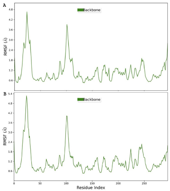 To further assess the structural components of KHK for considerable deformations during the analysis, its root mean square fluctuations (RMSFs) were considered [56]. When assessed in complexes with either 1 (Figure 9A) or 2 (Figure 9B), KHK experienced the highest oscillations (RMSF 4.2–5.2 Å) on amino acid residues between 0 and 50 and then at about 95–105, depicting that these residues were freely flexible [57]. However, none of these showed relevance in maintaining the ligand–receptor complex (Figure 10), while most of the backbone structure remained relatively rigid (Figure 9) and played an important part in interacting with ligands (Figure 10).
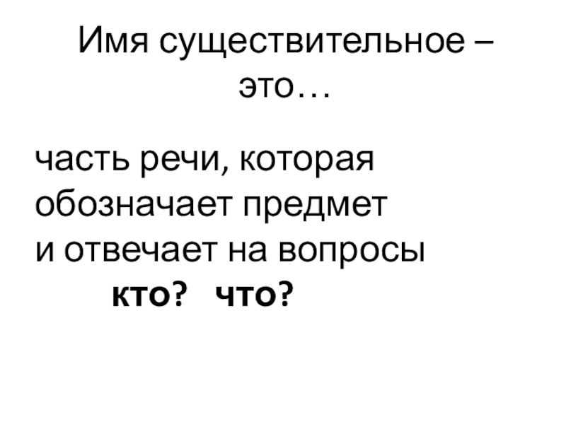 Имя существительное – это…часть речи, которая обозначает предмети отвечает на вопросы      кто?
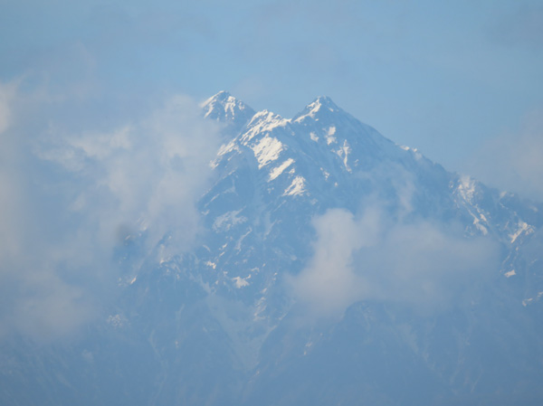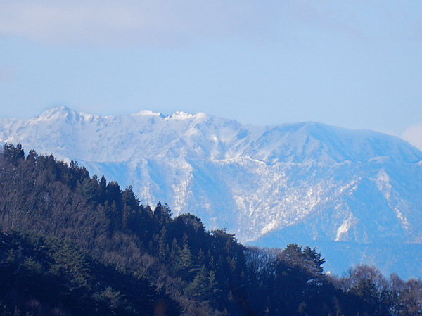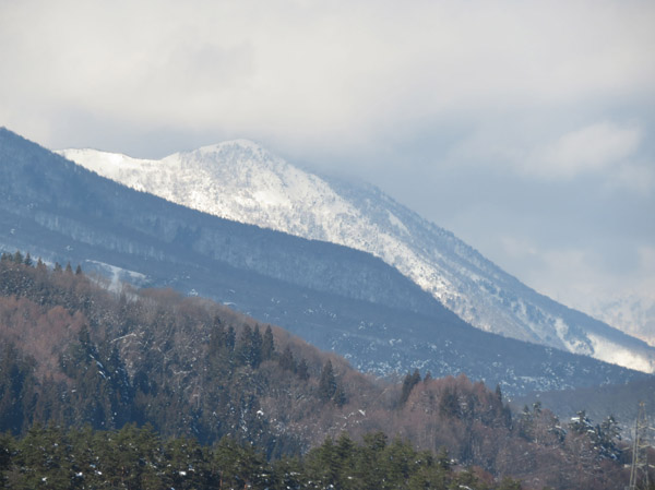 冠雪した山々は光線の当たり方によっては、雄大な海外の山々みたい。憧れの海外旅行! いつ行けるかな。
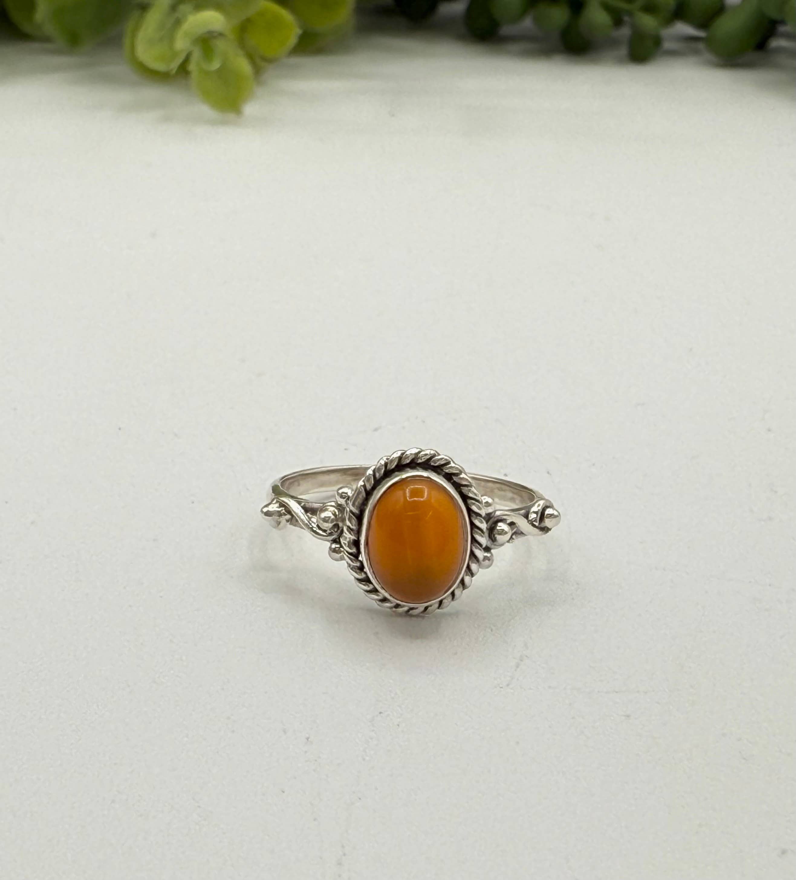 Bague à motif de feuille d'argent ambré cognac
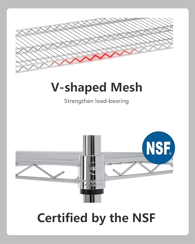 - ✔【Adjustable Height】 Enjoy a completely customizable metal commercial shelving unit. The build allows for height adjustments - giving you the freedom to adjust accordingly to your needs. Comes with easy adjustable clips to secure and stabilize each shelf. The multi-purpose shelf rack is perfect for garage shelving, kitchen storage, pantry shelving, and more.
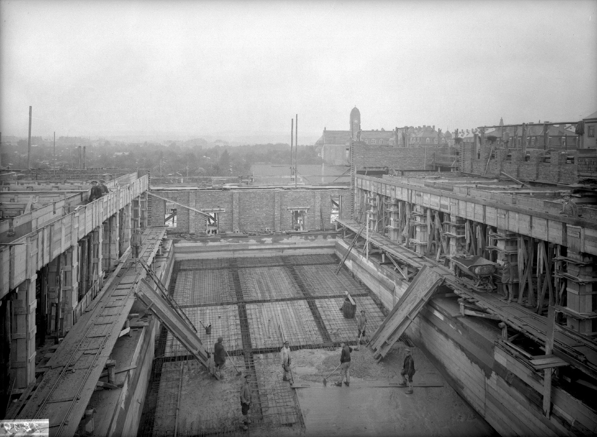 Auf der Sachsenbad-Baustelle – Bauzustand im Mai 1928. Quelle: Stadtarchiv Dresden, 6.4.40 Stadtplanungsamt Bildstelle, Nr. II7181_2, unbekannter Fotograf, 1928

===============

# [YOUR ASSIGNMENT]
Starting at the line that holds "Bague à motif", copy each line exactly through the end of the listing, both ends included. Leave the pictures out.

# [ANSWER SECTION]
 Bague à motif de feuille d'argent ambré cognac
 - ✔【Adjustable Height】 Enjoy a completely customizable metal commercial shelving unit. The build allows for height adjustments - giving you the freedom to adjust accordingly to your needs. Comes with easy adjustable clips to secure and stabilize each shelf. The multi-purpose shelf rack is perfect for garage shelving, kitchen storage, pantry shelving, and more.
 Auf der Sachsenbad-Baustelle – Bauzustand im Mai 1928. Quelle: Stadtarchiv Dresden, 6.4.40 Stadtplanungsamt Bildstelle, Nr. II7181_2, unbekannter Fotograf, 1928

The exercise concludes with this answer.